I stepped outside for air. The South Lamar traffic still hissed by, but the old tire shop across the street is now a juice bar called something like "Pressed & Distressed." The gravel parking lot has been paved and marked with EV charging stations. A Tesla with California plates sat plugged in next to a spot reserved for "Heritage Vehicles Only." I didn't ask what qualified. Probably anything without a catalytic converter and a story.
My phone buzzed. Some app I'd never downloaded wanted to know if I was enjoying my "Spoke experience" and would I like to unlock the secret playlist. I declined. Then I declined the follow-up text, the push notification, and the email that arrived thirty seconds later asking me to rate my "cultural immersion" on a scale of one to five.
The real cultural immersion happened in 1983 when the power went out during a thunderstorm and the band kept playing by lantern light while people slow-danced like the world wasn't ending. Nobody filmed it. Nobody posted about it. You just heard about it later from someone who was there, usually while sharing a pitcher at a table that wobbled if you leaned on it wrong.
Todd was waving at me from the doorway, holding what looked like a branded bandana. I pretended I didn't see him and walked toward my truck. In the bed was a cooler with three actual Shiners at actual refrigerator temperature. I cracked one in the parking lot because the sign said I could, back when signs told you practical things instead of trying to sell you an experience.
The beer tasted exactly like it used to. Cold, cheap, and honest. For a moment the fairy lights and the QR codes and the Chief Nostalgia Officer faded into the background noise of Lamar traffic.

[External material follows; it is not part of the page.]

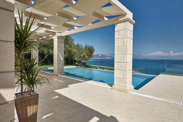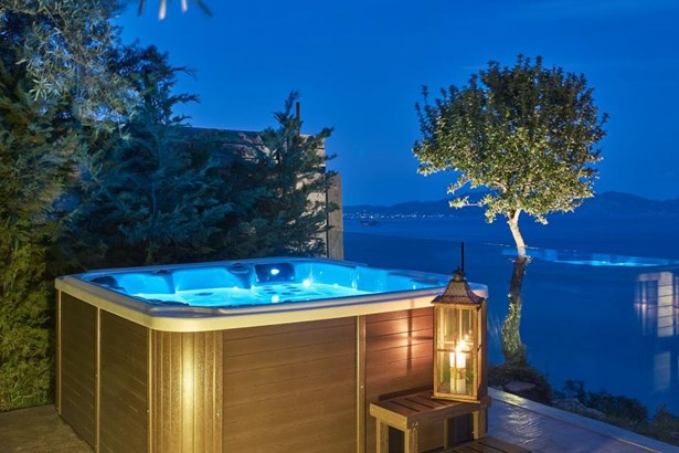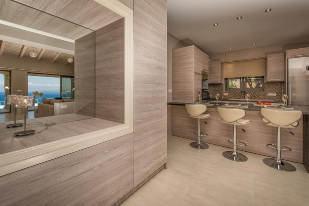 Located at the top of a hill, the villa is built sparing no luxury. On the outside, the private pool is surrounded by a lush garden looking out to a magnificent view of the Ionian Sea and the isle of Marathonisi.

Then some kid in $400 reproduction rodeo shirt walked past carrying a cocktail in a plastic boot and the moment popped like a balloon.
They didn't kill the Broken Spoke. They just turned it into a diorama of itself. The building's still here. The sign's still here. But the place where people went to forget about everything else for three hours on a Friday night has been replaced by something that wants you to remember, constantly, that you're having an authentic experience.
I finished the beer, crushed the can, and put it in the cooler. Somewhere in the distance a real band was probably playing in a half-empty room that still smelled like beer and didn't have a Chief Anything. I'll find that place next. It won't have a koozie or a app or a heritage flight of anything. Just music, floorboards that creak in the right key, and the faint hope that not every inch of this town has been optimized yet.
The two-step still works if nobody's watching you do it.